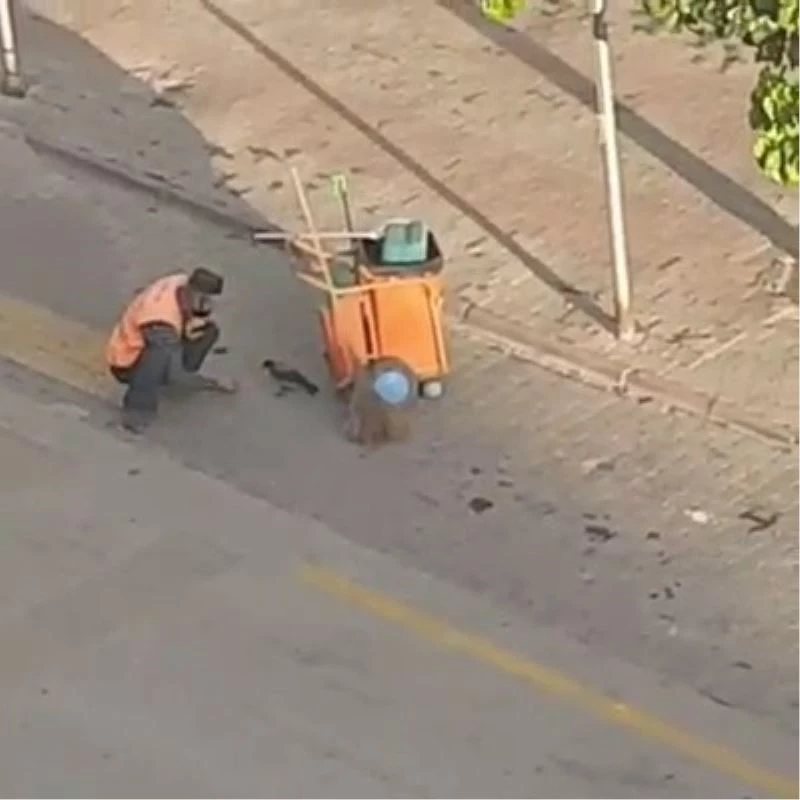 Bolu’da, belediye temizlik işçisini çöp topladığı sırada yanına gelen kargayı elleriyle beslemesi bir vatandaş tarafından cep telefonuyla görüntülendi.
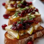 Delightful crostini topped with creamy brie, fresh pears, tart cranberry sauce, and drizzled with thyme-infused honey.
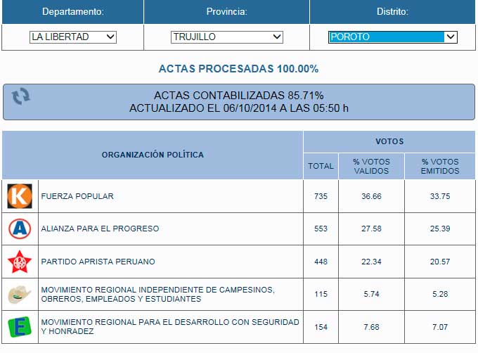 Resultados según la ONPE al 100 % en el distrito de Poroto
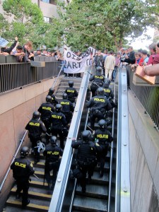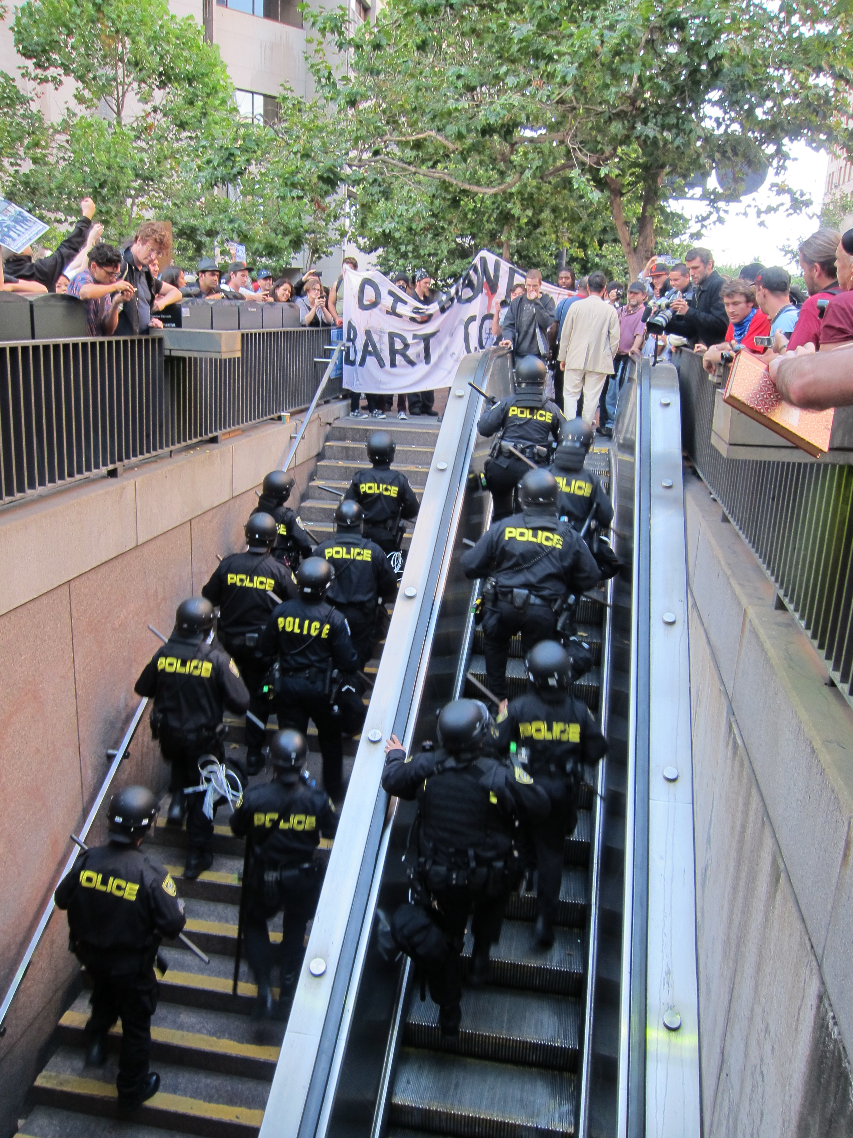 Political militants often draw similar criticisms. Yesterday at the BART protest spearheaded by “hacktivist” group Anonymous, a couple hundred people took to the streets, impatient with BART police for one reason or another. (Some said “Free Speech;” some said “Disarm BART;” some said “Cops, Pigs, Murderers.”) While anti-police demos resonate with oppressed groups in many corners of the globe, they also inevitably draw criticisms about inappropriate behavior (not acquiring permits through the proper channels, chanting angry and unsavory messages, looting, burning, etc.) and inconveniencing others (in this case, commuters). In a word, protesters are painted as unwilling to restrain themselves.
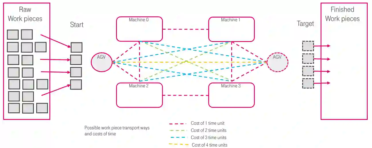 翻译:工作时间安排优化(JSO)的主题涉及一个组织的工作时间安排问题,这样,单一的工作步骤就设定的目标作出最佳安排;本文件提供了一种使用案例,涉及JSO的子部分,即工作商店时间安排问题(JSSP或JSP)。由于许多优化问题都是NP-完成的,JSSP意味着系统中每个节点的复杂性都成倍地增加。使用案例的目的是说明如何在灵活有组织的机器中,与自动地面车辆(AGV)结合,使用控制式程序(CP)和量子计算(QC),为某些工作器件创造最佳的值勤公鸡。介绍了基于CP和Quantum Annaaling模型的典型解决办法的结果,并进行了讨论。在研究项目PlanQK中阐述了所有提出的结果。
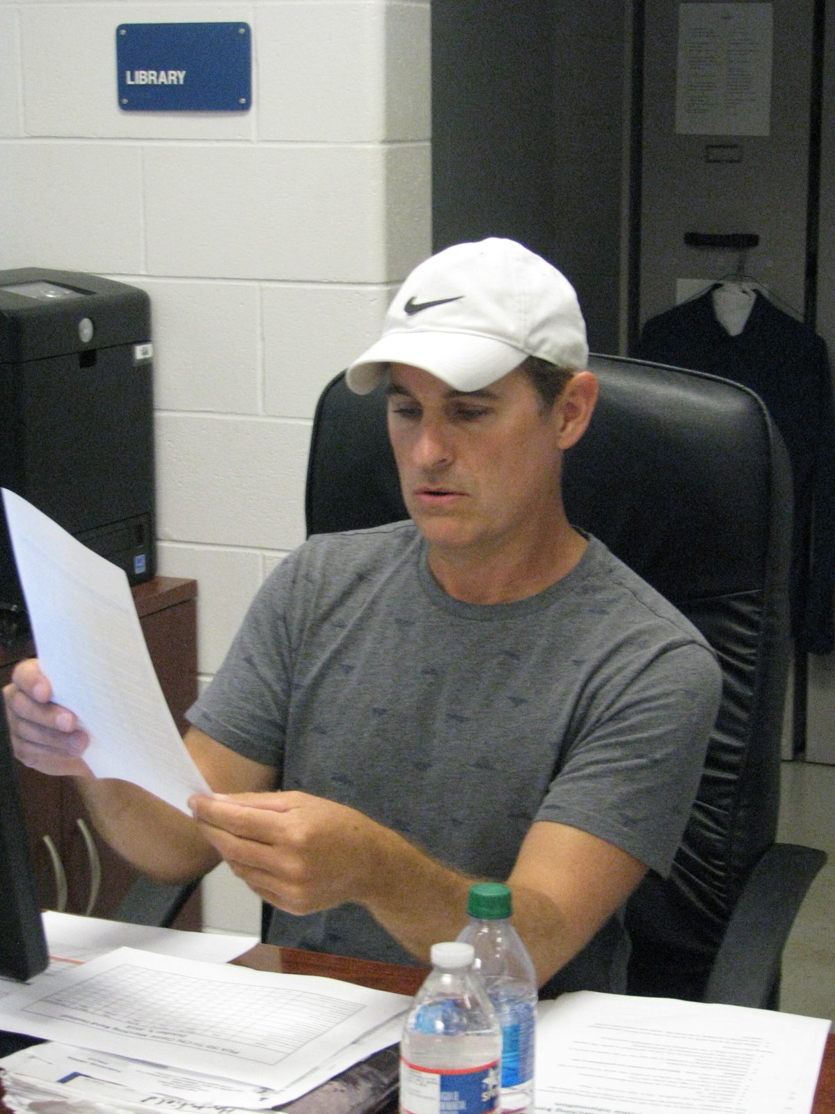 PI-ISD Band Director Scott Hartsfield working in his office, preparing for the Port Isabel High Silver Tarpon Marching Band’s first marching contest of the season. Photo by Larry Gage.
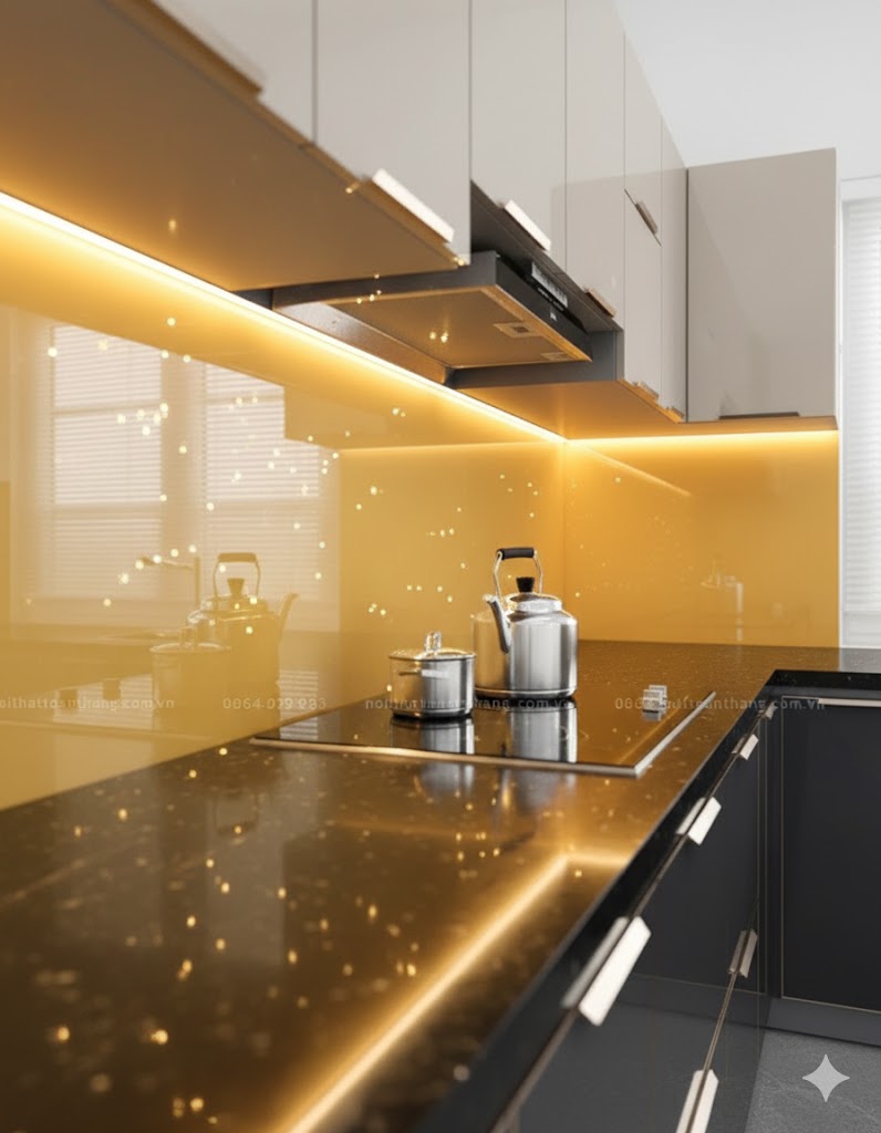1.2. "Cú hích" thị giác từ kính ốp bếp màu Vàng Mật Ong
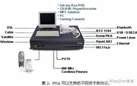 多年來(lái),低成本FPGA器件已經(jīng)成為機(jī)頂盒和視頻網(wǎng)關(guān)的關(guān)鍵器件,可提供視頻增強(qiáng)、丟失像素替換、視頻轉(zhuǎn)換、產(chǎn)品靈活性以及產(chǎn)品差異等功能。此外,這些器件還允許生產(chǎn)商方便地支持不同的技術(shù)和協(xié)議,如圖2所示。
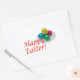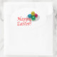 Happy Ostertext in roter Farbe und eine weiße Porzellanplatte mit vier bemalten Eiern in den Farben blau, grün, rot und gelb. Drucke und Geschenke für alle
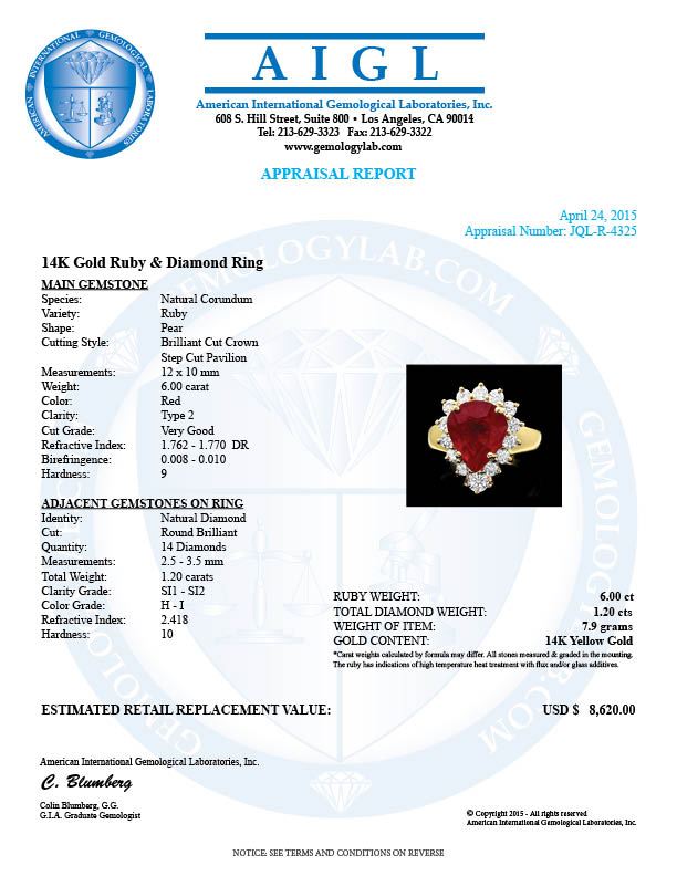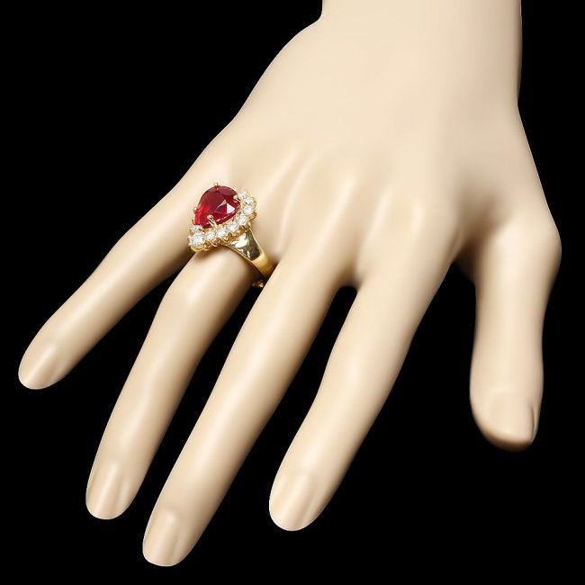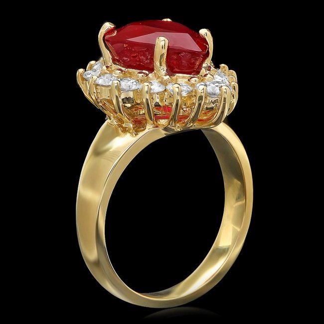 Retail: $8,500.00 ****** 14k Yellow Gold 6.00ct Ruby 1.20ct Diamond Ring ****** Metal: 14k Solid Yellow Gold / Size: 7.25 / Total Item Weight: 7.9 grams / Country Made: United States / / Main Stone: Ruby / Color: Red / Carat Total Weight: 6.00 / Treatment: Filling / Clarity: Type 2 / Cut: Very Good / / Secondary Stone: Diamond / Carat Total Weight: 1.20 / Treatment: None / Color Grade: H - I / Clarity: SI1 - SI2 / Cut: Very Good /

+++

-- What this task involves --
Output a faithful copy of the data, with each picture left out.

-- Your response --
 Bolu’da, belediye temizlik işçisini çöp topladığı sırada yanına gelen kargayı elleriyle beslemesi bir vatandaş tarafından cep telefonuyla görüntülendi.
 Delightful crostini topped with creamy brie, fresh pears, tart cranberry sauce, and drizzled with thyme-infused honey.
 Resultados según la ONPE al 100 % en el distrito de Poroto
 Political militants often draw similar criticisms. Yesterday at the BART protest spearheaded by “hacktivist” group Anonymous, a couple hundred people took to the streets, impatient with BART police for one reason or another. (Some said “Free Speech;” some said “Disarm BART;” some said “Cops, Pigs, Murderers.”) While anti-police demos resonate with oppressed groups in many corners of the globe, they also inevitably draw criticisms about inappropriate behavior (not acquiring permits through the proper channels, chanting angry and unsavory messages, looting, burning, etc.) and inconveniencing others (in this case, commuters). In a word, protesters are painted as unwilling to restrain themselves.
 翻译:工作时间安排优化(JSO)的主题涉及一个组织的工作时间安排问题,这样,单一的工作步骤就设定的目标作出最佳安排;本文件提供了一种使用案例,涉及JSO的子部分,即工作商店时间安排问题(JSSP或JSP)。由于许多优化问题都是NP-完成的,JSSP意味着系统中每个节点的复杂性都成倍地增加。使用案例的目的是说明如何在灵活有组织的机器中,与自动地面车辆(AGV)结合,使用控制式程序(CP)和量子计算(QC),为某些工作器件创造最佳的值勤公鸡。介绍了基于CP和Quantum Annaaling模型的典型解决办法的结果,并进行了讨论。在研究项目PlanQK中阐述了所有提出的结果。
 PI-ISD Band Director Scott Hartsfield working in his office, preparing for the Port Isabel High Silver Tarpon Marching Band’s first marching contest of the season. Photo by Larry Gage.
1.2. "Cú hích" thị giác từ kính ốp bếp màu Vàng Mật Ong
 多年來(lái),低成本FPGA器件已經(jīng)成為機(jī)頂盒和視頻網(wǎng)關(guān)的關(guān)鍵器件,可提供視頻增強(qiáng)、丟失像素替換、視頻轉(zhuǎn)換、產(chǎn)品靈活性以及產(chǎn)品差異等功能。此外,這些器件還允許生產(chǎn)商方便地支持不同的技術(shù)和協(xié)議,如圖2所示。
 Happy Ostertext in roter Farbe und eine weiße Porzellanplatte mit vier bemalten Eiern in den Farben blau, grün, rot und gelb. Drucke und Geschenke für alle
 Retail: $8,500.00 ****** 14k Yellow Gold 6.00ct Ruby 1.20ct Diamond Ring ****** Metal: 14k Solid Yellow Gold / Size: 7.25 / Total Item Weight: 7.9 grams / Country Made: United States / / Main Stone: Ruby / Color: Red / Carat Total Weight: 6.00 / Treatment: Filling / Clarity: Type 2 / Cut: Very Good / / Secondary Stone: Diamond / Carat Total Weight: 1.20 / Treatment: None / Color Grade: H - I / Clarity: SI1 - SI2 / Cut: Very Good /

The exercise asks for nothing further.